→ **DIRECTIONS FOR THIS TASK**:
Write out exactly the lines between the line containing "Giacca Harrington blu" and the end of the records, counting both ends, and leave out all pictures.

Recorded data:
§ §

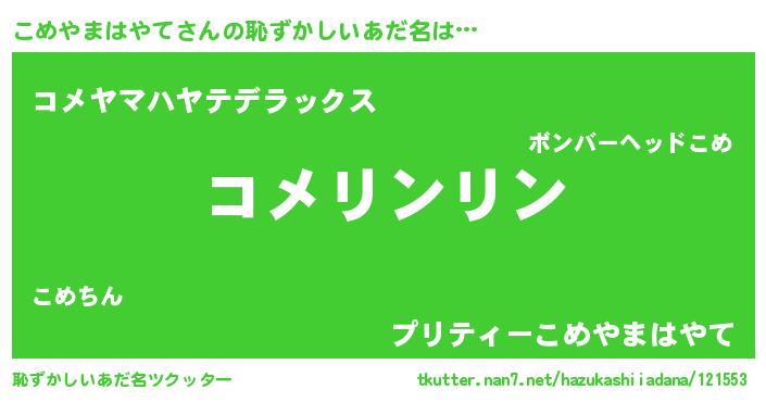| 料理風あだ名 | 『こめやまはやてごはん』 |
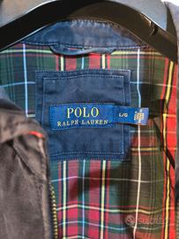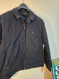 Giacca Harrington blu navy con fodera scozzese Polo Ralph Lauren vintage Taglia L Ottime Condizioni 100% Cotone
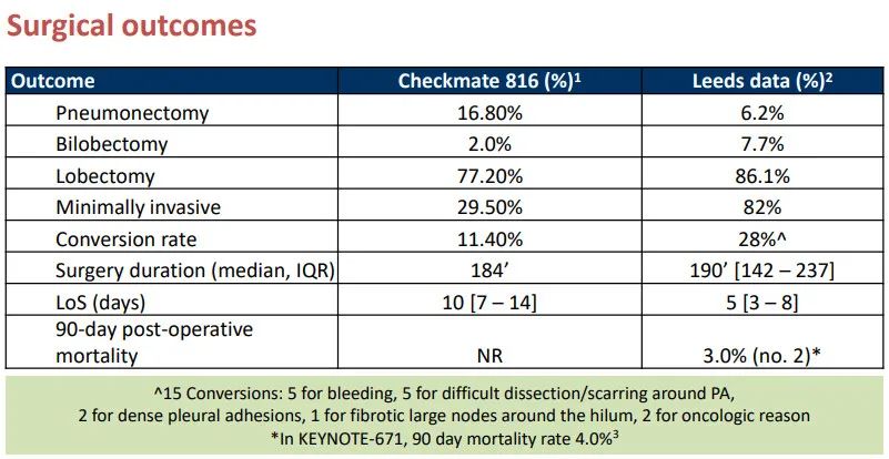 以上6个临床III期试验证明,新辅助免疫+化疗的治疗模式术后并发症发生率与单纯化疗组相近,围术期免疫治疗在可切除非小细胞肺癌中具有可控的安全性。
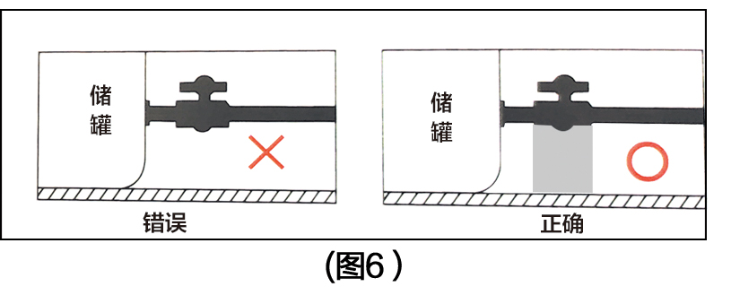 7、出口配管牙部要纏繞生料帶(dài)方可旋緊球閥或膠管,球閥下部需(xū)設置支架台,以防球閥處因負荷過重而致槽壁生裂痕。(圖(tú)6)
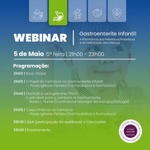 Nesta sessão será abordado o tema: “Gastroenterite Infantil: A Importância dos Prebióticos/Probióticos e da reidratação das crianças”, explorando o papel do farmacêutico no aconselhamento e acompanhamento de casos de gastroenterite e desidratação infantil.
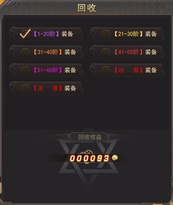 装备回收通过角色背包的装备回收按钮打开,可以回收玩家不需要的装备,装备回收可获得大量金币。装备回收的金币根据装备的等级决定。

§ §

→ **SOLUTION TO THIS TASK**:
 Giacca Harrington blu navy con fodera scozzese Polo Ralph Lauren vintage Taglia L Ottime Condizioni 100% Cotone
 以上6个临床III期试验证明,新辅助免疫+化疗的治疗模式术后并发症发生率与单纯化疗组相近,围术期免疫治疗在可切除非小细胞肺癌中具有可控的安全性。
 7、出口配管牙部要纏繞生料帶(dài)方可旋緊球閥或膠管,球閥下部需(xū)設置支架台,以防球閥處因負荷過重而致槽壁生裂痕。(圖(tú)6)
 Nesta sessão será abordado o tema: “Gastroenterite Infantil: A Importância dos Prebióticos/Probióticos e da reidratação das crianças”, explorando o papel do farmacêutico no aconselhamento e acompanhamento de casos de gastroenterite e desidratação infantil.
 装备回收通过角色背包的装备回收按钮打开,可以回收玩家不需要的装备,装备回收可获得大量金币。装备回收的金币根据装备的等级决定。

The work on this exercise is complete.